I'm running proxmox with lvm-thin on local hard-drive and I can't find any way to fix the huge iodelay on server when receiving/restoring/migrating a VM.

I've got this on Proxmox 5 and 6, with different servers generations : DELL R620 or R640 with PERC + Mechanical HD or perc + ssd (enterprise grade, not consumer), it's still the same. RAID1 or RAID5.

When using pveperf, it only check root (where is installed proxmox) harddrive. Do you know a way to bench disk local-lvm disk read/write ? And what should I have as a "minimum" value ?

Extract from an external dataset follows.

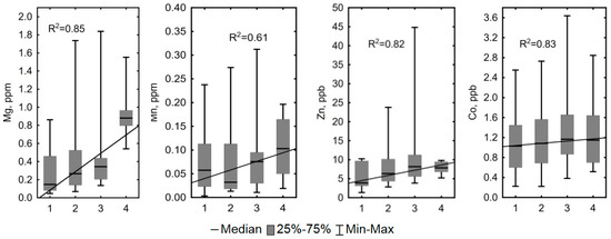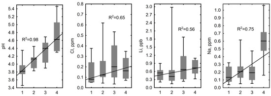 Concentrations of Cl, Li, Na, Mg, Mn, Zn, Co and pH values showed a clear statistically significant trend of increasing concentration (0.56 < R2 < 0.98, p < 0.05) in the bog waters of the KS Tazovsky (Taz) microtopes with different hydrological regimes: 1—polygons occupying elevated dry positions; 2—degraded and flooded polygons and small cracks between polygons; 3—large cracks and fens without a watercourse; 4—lower parts of the fens with watercourse. The solid line is a linear fit for all data with the regression equation given on each graph. It should be noted that the categories (1–4) are becoming increasingly wet from left to right.

I've modified the datacenter.cfg on proxmox6 to limit to 100Mo/sec which seems not to be gigantic to me on SSD, and I still have something between 5 to 15 in IOdelay. Thus, each vm inside the proxmox host hang or have huge slow down when trying to write on disk.

On proxmox6, I noticed at first glance it's when the disk image is zeroing. When copying image file, there is no iodelay. I've made a test on proxmox5, and it seems it's the same (I've less logs to tell but seems to be so...).

Can't we limit the bandwidth of the lvm-thin zeroing since it seems to be the culprit ? And not only the disk image copying (which is limited by cstream as I've seen) ?

Thanks for your help, I can't find anything of the forum that works and I guess i'm not alone (!?) :-(

Regards,
PS: Thanks to the proxmox team, you guys are awesome !
 
You can use fio to benchmark your disks. Is there a reason why you still use PVE 5? Could you please post your datacenter.cfg? Testing different speed limits might be "easier" by using the CLI for migrations because there you can usually set the respective parameters.
 
Hi Dominic,

Thanks for your answer.

Do you know how to use fio to test a LV or a VG instead of a file, or should I use fio inside a vm ?

I have legacy PVE5 and I wanted to compare with PVE6. But this issue is on both PVE6 and PVE5 with different hardware.

For the datacenter.cfg, atm :
Code:
bwlimit: clone=102400,default=102400,migration=102400,move=102400,restore=102400
keyboard: en-us

That being said, I think the issue is the zeroing and not the copying (cstream via datacenter.cfg) !

DJP